Numerous observers have seen similarities between Peter Sellers' performance of Quilty-as-Zempf and his subsequent role in Stanley Kubrick's next film, Dr. Strangelove as the titular character. Stanley Kubrick himself in an interview with Michel Ciment described both characters as "parodies of movie clichés of Nazis". Commenting elsewhere on the characters, Ciment writes "Peter Sellers prefigured his creation of Dr Strangelove, particularly in the role of Dr Zempf, the school psychologist whose thick German accent recalls that of the mad professor (note Kubrick's ambiguous feelings towards Germany, his admiration for its culture... his fear of its demonstrations of power...)". Thomas Allen Nelson has said that in this part of his performance, "Sellers twists his conception of Quilty toward that neo-Nazi monster, who will roll out of the cavernous shadows of Dr. Strangelove", later noting that Zempf "exaggerates Humbert's European pomposity through his psychobabble and German anality." The Kubrick interview has been commented by Geoffrey Cocks, author of a controversial book on the impact of the Holocaust on Kubrick's overall work, who notes that "Dr. Strangelove himself... is the mechanical chimera of modern horror."

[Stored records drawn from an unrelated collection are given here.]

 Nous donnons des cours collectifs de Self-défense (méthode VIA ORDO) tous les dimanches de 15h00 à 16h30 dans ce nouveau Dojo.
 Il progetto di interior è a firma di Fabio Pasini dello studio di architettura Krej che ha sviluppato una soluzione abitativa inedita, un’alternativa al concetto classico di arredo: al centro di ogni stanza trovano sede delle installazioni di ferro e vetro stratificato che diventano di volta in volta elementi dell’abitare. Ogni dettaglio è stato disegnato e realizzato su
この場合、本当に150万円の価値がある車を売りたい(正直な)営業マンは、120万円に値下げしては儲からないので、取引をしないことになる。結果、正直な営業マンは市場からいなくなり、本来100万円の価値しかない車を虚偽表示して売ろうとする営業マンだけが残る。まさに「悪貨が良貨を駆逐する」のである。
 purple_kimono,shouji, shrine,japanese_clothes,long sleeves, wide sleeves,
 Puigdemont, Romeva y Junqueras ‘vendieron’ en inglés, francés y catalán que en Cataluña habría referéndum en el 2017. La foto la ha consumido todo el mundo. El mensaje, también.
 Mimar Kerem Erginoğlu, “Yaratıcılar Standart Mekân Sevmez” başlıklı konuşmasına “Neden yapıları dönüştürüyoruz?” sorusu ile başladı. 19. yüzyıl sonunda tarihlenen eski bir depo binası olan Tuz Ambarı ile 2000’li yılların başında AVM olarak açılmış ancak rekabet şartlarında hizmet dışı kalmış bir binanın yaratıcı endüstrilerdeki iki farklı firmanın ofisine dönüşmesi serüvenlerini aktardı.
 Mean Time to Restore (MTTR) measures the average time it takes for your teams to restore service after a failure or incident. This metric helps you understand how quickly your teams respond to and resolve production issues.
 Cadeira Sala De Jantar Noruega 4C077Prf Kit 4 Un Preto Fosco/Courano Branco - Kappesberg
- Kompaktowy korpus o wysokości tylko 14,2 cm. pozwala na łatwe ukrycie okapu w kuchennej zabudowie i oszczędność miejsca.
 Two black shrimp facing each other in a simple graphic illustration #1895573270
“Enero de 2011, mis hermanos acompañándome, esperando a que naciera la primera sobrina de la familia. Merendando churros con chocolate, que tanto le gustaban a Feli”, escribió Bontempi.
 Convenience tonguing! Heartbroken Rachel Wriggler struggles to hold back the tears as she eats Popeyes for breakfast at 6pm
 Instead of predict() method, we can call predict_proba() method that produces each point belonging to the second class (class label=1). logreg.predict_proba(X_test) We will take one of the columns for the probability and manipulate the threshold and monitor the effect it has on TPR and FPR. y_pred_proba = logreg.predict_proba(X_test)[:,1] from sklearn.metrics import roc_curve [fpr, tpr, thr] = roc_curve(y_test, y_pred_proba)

Other observers of this similarity include Internet film critic Tim Dirks who has also noted that Sellers's smooth German-like accent and the chair-bound pose in this scene are similar to that of Dr. Strangelove. Finally, Barbara Wyllie, writing in Julian Connelly's anthology The Cambridge Companion to Nabokov, speaks of "Quilty's visit to the house in Beardsley, masquerading as Dr. Zempf, a German psychologist (a Sellers character that prefigures Dr. Strangelove in Kubrick's film of 1964)."